Alf Bauman
- Bauman, c. 1941

No. 42, 73, 41
- Position: Tackle

Personal information
- Born: January 3, 1920 Chicago, Illinois, U.S.
- Died: May 20, 1980 (aged 60)
- Listed height: 6 ft 2 in (1.88 m)
- Listed weight: 228 lb (103 kg)

Career information
- High school: Austin (Chicago)
- College: Northwestern (1938-1941)
- NFL draft: 1942: 2nd round, 15th overall pick

Career history
- Philadelphia Eagles (1947); Chicago Rockets (1947); Chicago Bears (1948–1950);

Awards and highlights
- Consensus All-American (1940); First-team All-American (1941); 2× First-team All-Big Ten (1940, 1941);

Career NFL/AAFC statistics
- Games played: 34
- Games started: 12
- Fumble recoveries: 1
- Stats at Pro Football Reference

= Alf Bauman =

American football player (1920–1980)

Alfred Ernest Bauman (January 3, 1920 – May 20, 1980) was an American professional football player.

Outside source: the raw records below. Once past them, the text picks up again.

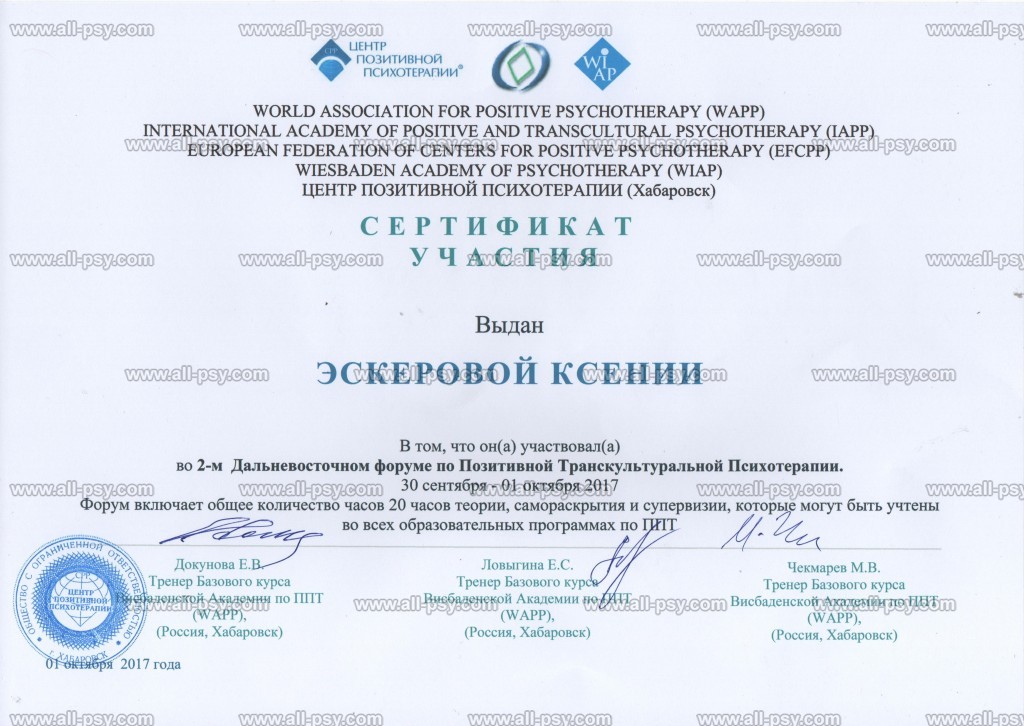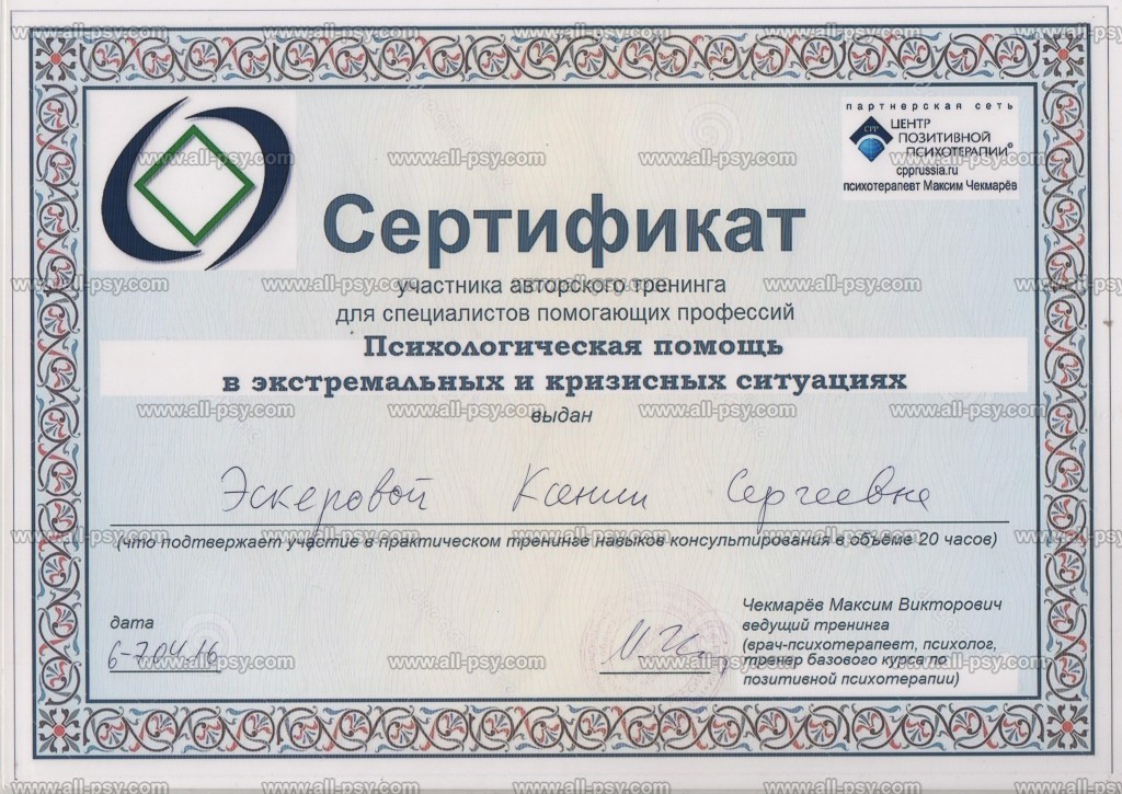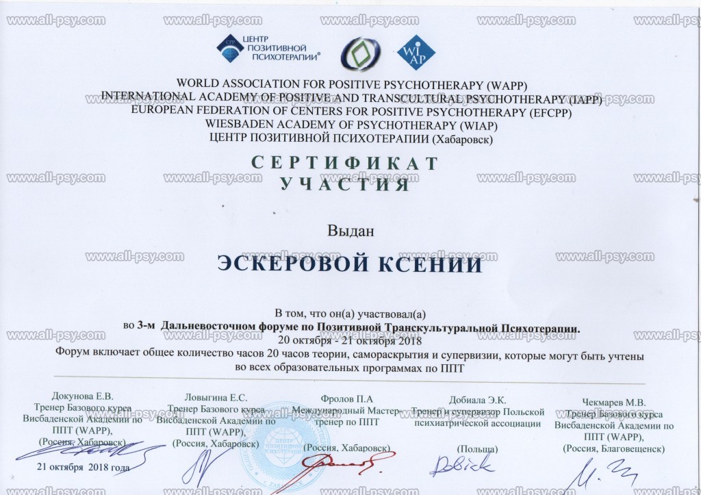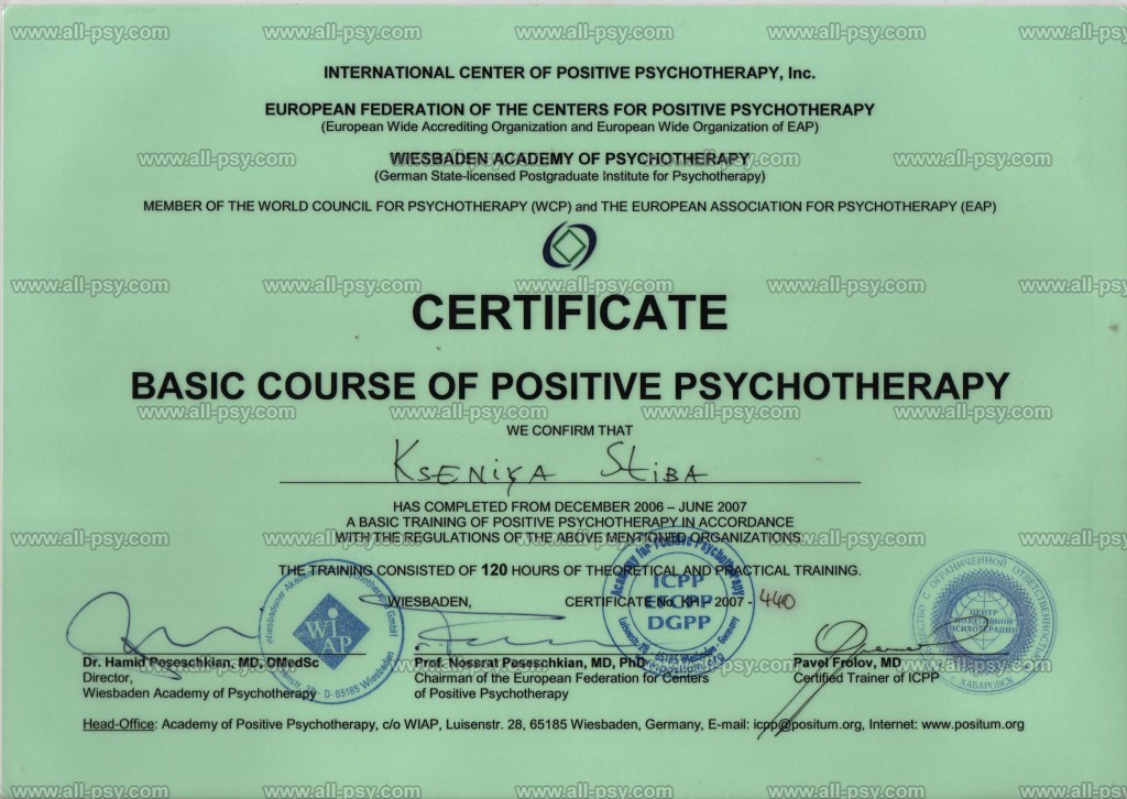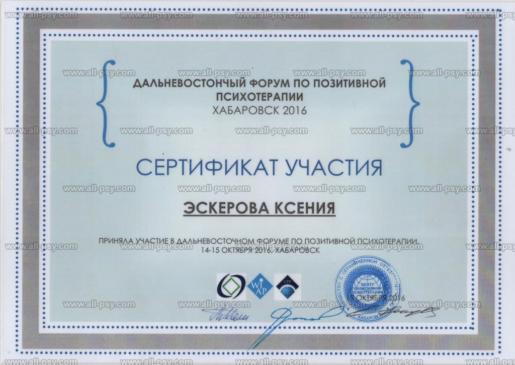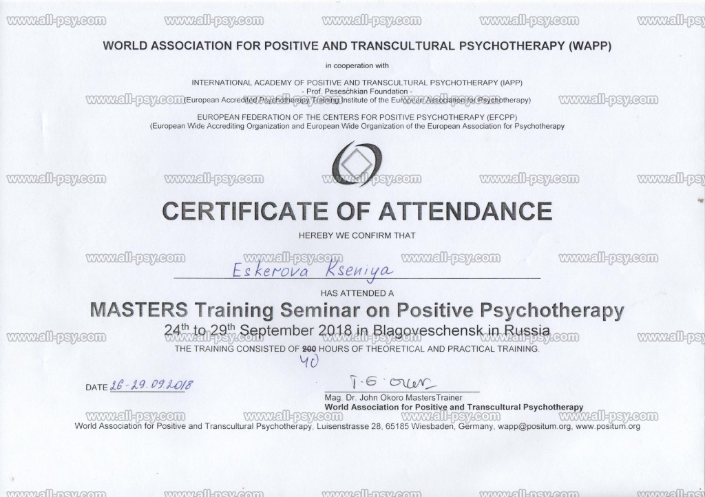 В 2019 году прошла Мастер-курс по позитивной психотерапии и продолжаю развиваться в этом направлении.
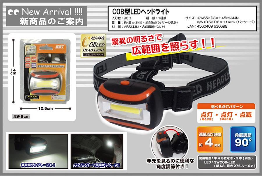 驚異の明るさで広範囲を照らす。非常時やレジャーで活躍できる。ハンドフリーで作業がスムーズ。手元を見るのに便利な角度調整付。サイズ:約幅65×奥行3×高さ45cm重量:約45g材質:本体/ABS樹脂、ベルト/合成繊維連続点灯時間:約4時間使用電池:単4形乾電池×3本(別売)点灯パターン:点灯強、点灯弱、点滅明るさ:最大275ルーメン角度調節:90度
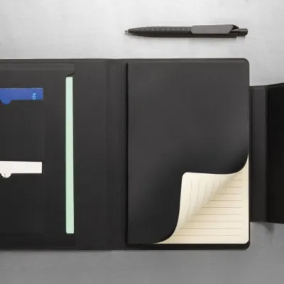 PU with magnetic closure and magnetic phone holder that is compatible with magsafe iPhones 12 or higher, inside A5 notebook with lines, innerp ages are FSC® certified and 64 sheets/128 pages; cream paper colour with lines; paper weight 80gsm, documents pocket and 2 business card slots. Notebook is refillable.
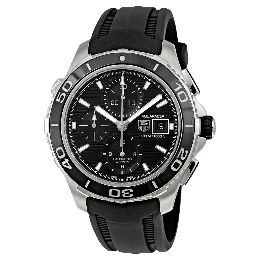 Stainless steel case with a black rubber strap. Uni-directional rotating stainless steel bezel with a black ceramic top ring. Black dial with luminous hands and index hour markers. Minute markers around the outer rim. Dial Type: Analog. Luminescent hands and markers. Date display at the 3 o'clock position. Chronograph - three sub-dials displaying: 60 second, 30 minute and 12 hour. Automatic movement with a 42 hour power reserve. Scratch resistant sapphire crystal. Screw down crown. Screw down case back. Case diameter: 43 mm. Case thickness: 16 mm. Round case shape. Tang clasp. Water resistant at 500 meters / 1650 feet. Functions: chronograph, date, hour, minute, second. Dress watch style. Watch label: Swiss Made. Tag Heuer Aquaracer Black Dial Chronograph Black Rubber Mens Watch CAK2110FT8019.
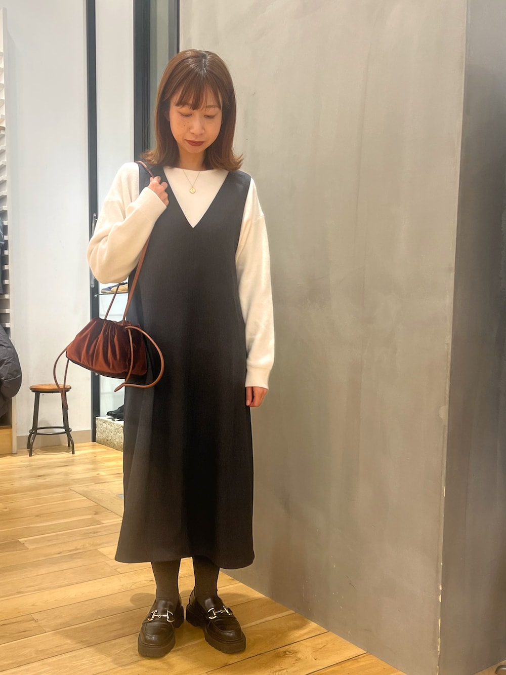 コーディネートのポイントにもなるベロアのバッグもオススメです
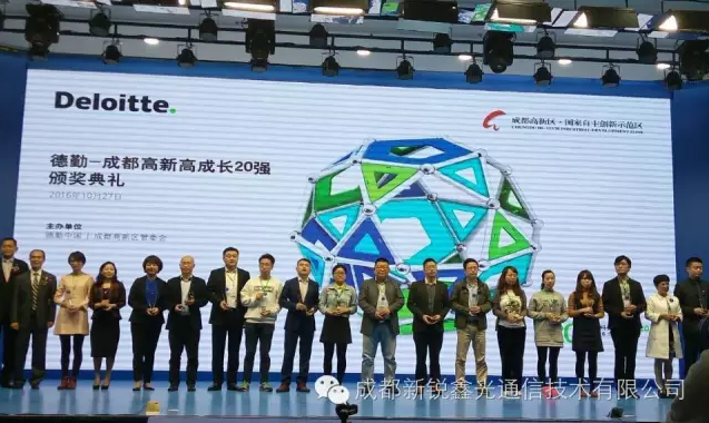 “成都20強”選評活動在歷經(jīng)了三個多月的嚴(yán)格評審和選拔終于產(chǎn)生了,成都新銳鑫光通信技術(shù)有限公司作為參選企業(yè),非常榮幸地被評選為“成都20強”,并出席了此次“成都20強”的頒獎典禮。
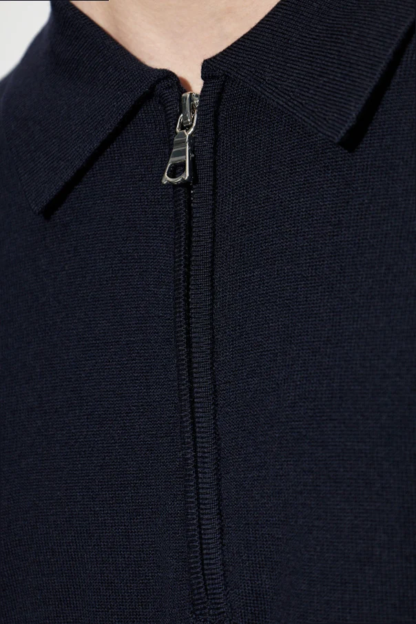 Kardigan wyróżnia się klasyczną, lekko luźną sylwetką z długimi rękawami oraz tradycyjnym kołnierzykiem. Minimalistyczny charakter podkreśla brak wzorów i zewnętrznego logo. Charakterystycznym detalem jest wyrazisty, centralnie umieszczony metalowy zamek błyskawiczny. Szerokie ściągacze na rękawach i u dołu swetra akcentują jakość wykończenia i wygodę użytkowania.
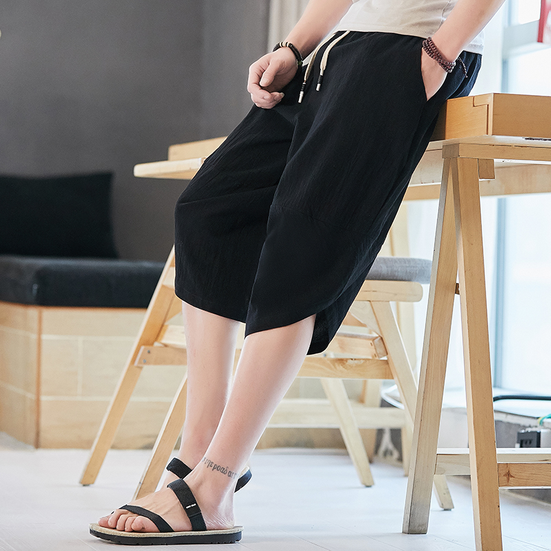 New Men Summer Cotton Linen Harem Pants Fashion Baggy Casual Loose Cropped Pants Drawstring Male Trousers Streetwear
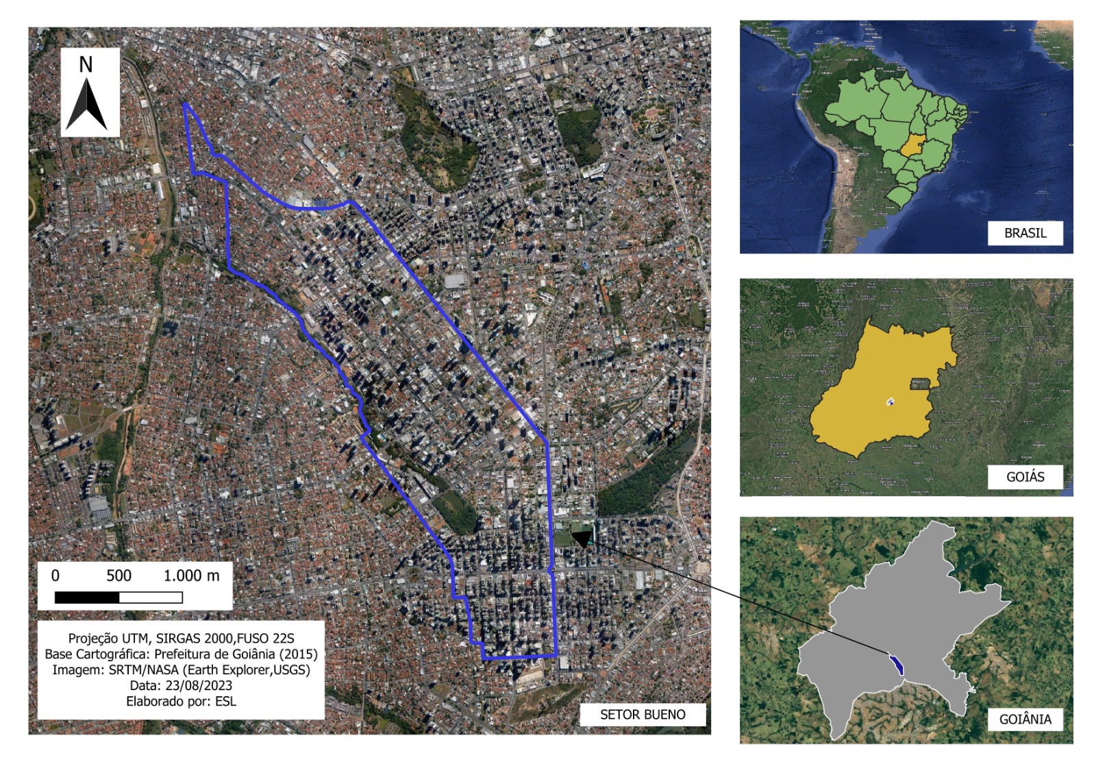 Área do Setor Bueno em relação à Goiânia, Goiás e ao Brasil
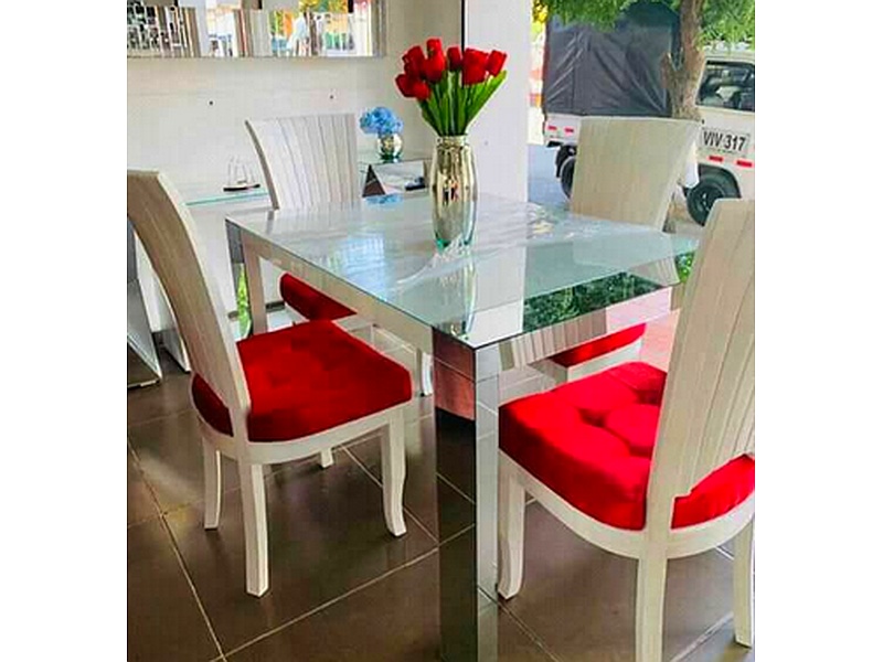 Comedor 4 puestos con sillas blancas y mesa de vidrio.
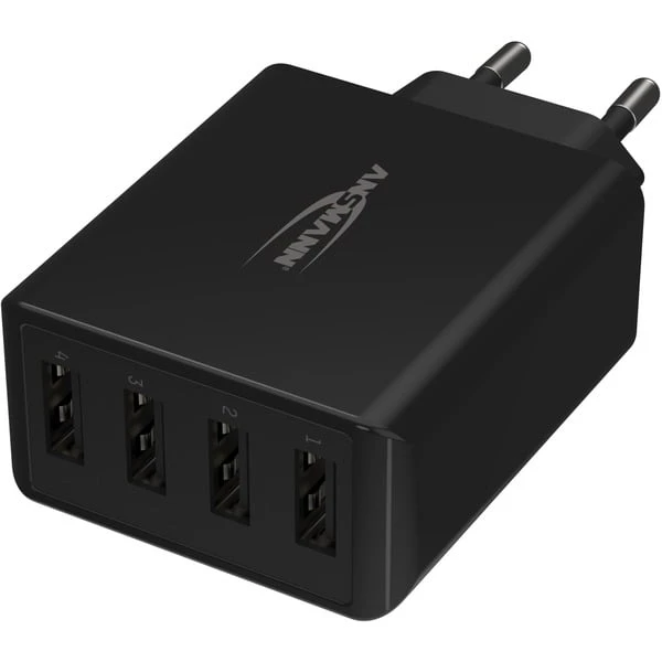 Der Home Charger HC430 von Ansmann bietet intelligente Ladesteuerung und Multisafe-Technologie für bis zu vier Geräte. Dieses Ladegerät mit vier USB-Anschlüssen lädt mit bis zu 30 Watt Smartphones, Tablets oder andere USB-Geräte.Art.-Nr.: 1847003
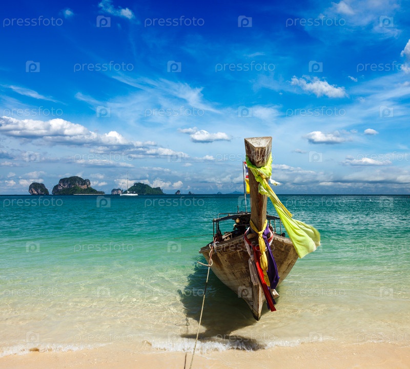 Лодка с длинным хвостом на пляже, Таиланд
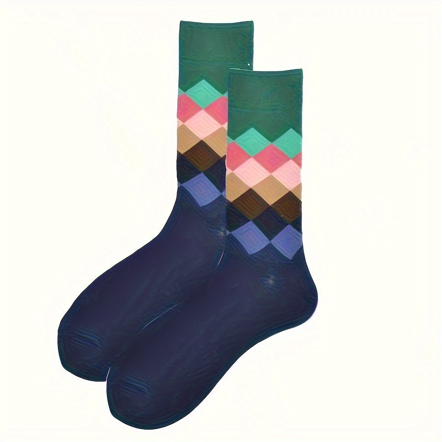 Men's Cotton Argyle Socks 5-Pack Mid-Calf Colorful Diamond Pattern
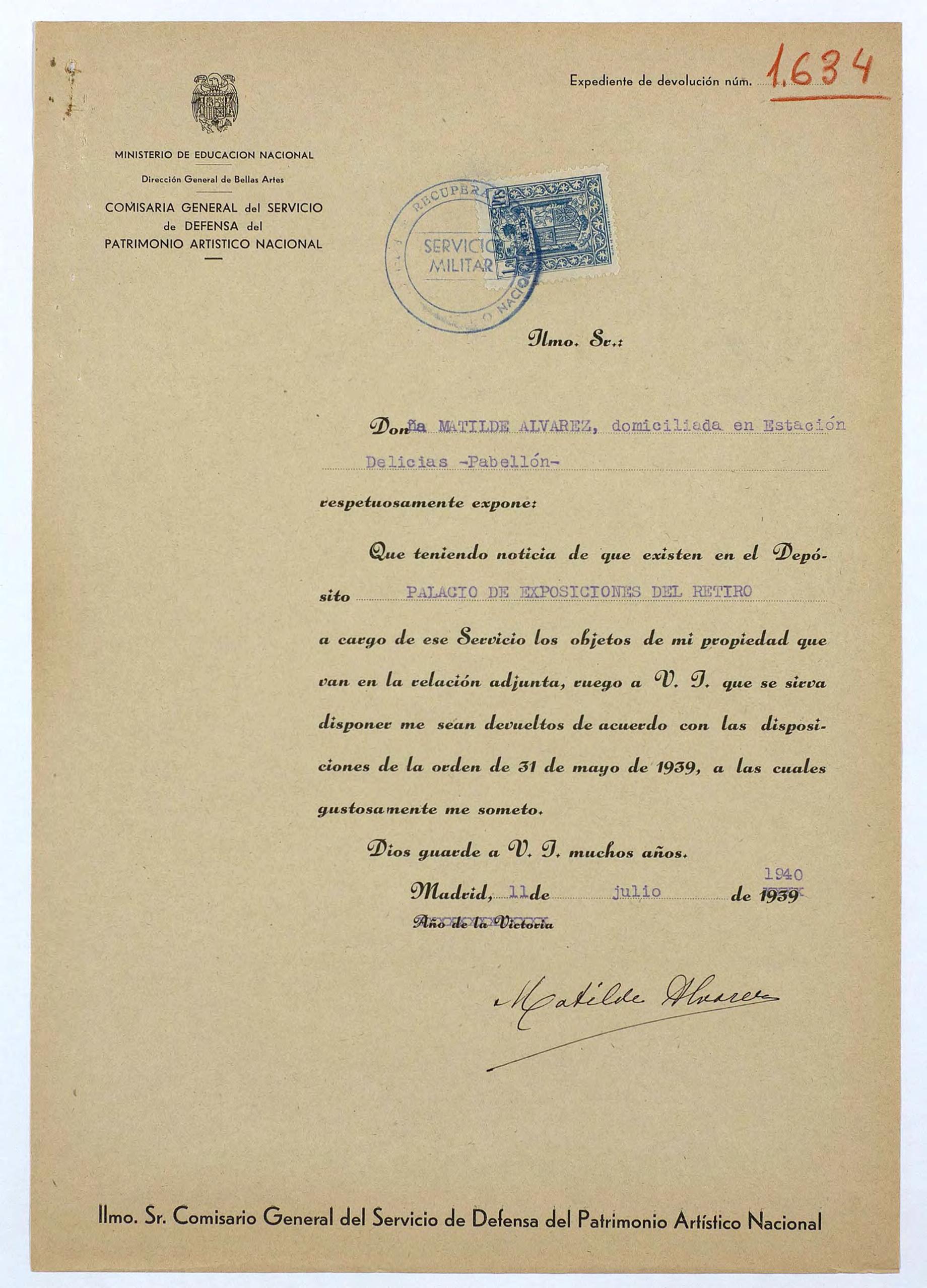 Expediente de devolución de Matilde Álvarez
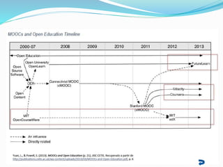Los MOOCs son cursos online masivos y abiertos que fomentan la participación interactiva y ofrecen una variedad de recursos educativos, incluyendo foros y materiales multimedia. Desde su creación en 2008, han evolucionado en dos tipos: c-MOOC y x-MOOC, con enfoques pedagógicos diferentes y el surgimiento de plataformas como Coursera y EdX. La educación está en un proceso de transformación hacia modelos más personalizados y adaptativos, reflejando cambios sociales y económicos en la educación superior.
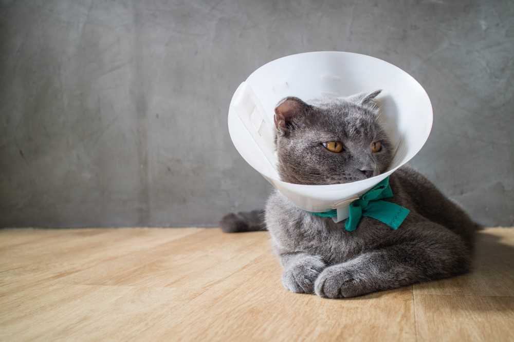 Для того чтобы кошка не смогла нейтрализовать действие нанесенных на кожу лекарств или отравиться ими при слизывании, на нее надевают Елизаветинский воротник.

Bauman was born in 1920 in Chicago and attended Austin High School in that city. He then attended Northwestern University, where he played college football for the Wildcats from 1939 to 1941. As a junior, he was a consensus pick for the 1940 All-America team, having received first-team honors at the tackle position from the United Press, Hearst Newspapers, Collier's Weekly, New York Sun, and Walter Camp Football Foundation. He also received the Wailing Wall award as lineman of the year in 1940. In 1941, he was named Northwestern's most valuable player.

Bauman was selected by the Detroit Lions in the second round (15th pick overall) of the 1942 NFL draft. He tried out with the Lions but was released. After five years away from the game, he played four seasons as a tackle in the All-America Football Conference (AAFC) and National Football League (NFL) for the Chicago Rockets (1947), Philadelphia Eagles (1947), and Chicago Bears (1948–1950). He played in a total of 39 AAFC and NFL games. During his time with the Rockets and Eagles, he appeared in only five games and never started a game. It was not until the 1950 season at age 30 that Bauman finally won a regular spot in the Bears' starting lineup.

Bauman moved to San Francisco in 1955. He served for a time as personnel director for the San Francisco 49ers. He lived in Pacifica, California, from 1962 until his death in 1979 at age 59. The cause of death was heart failure. His body was donated to the University of California hospital. His wife died several days later at the same hospital.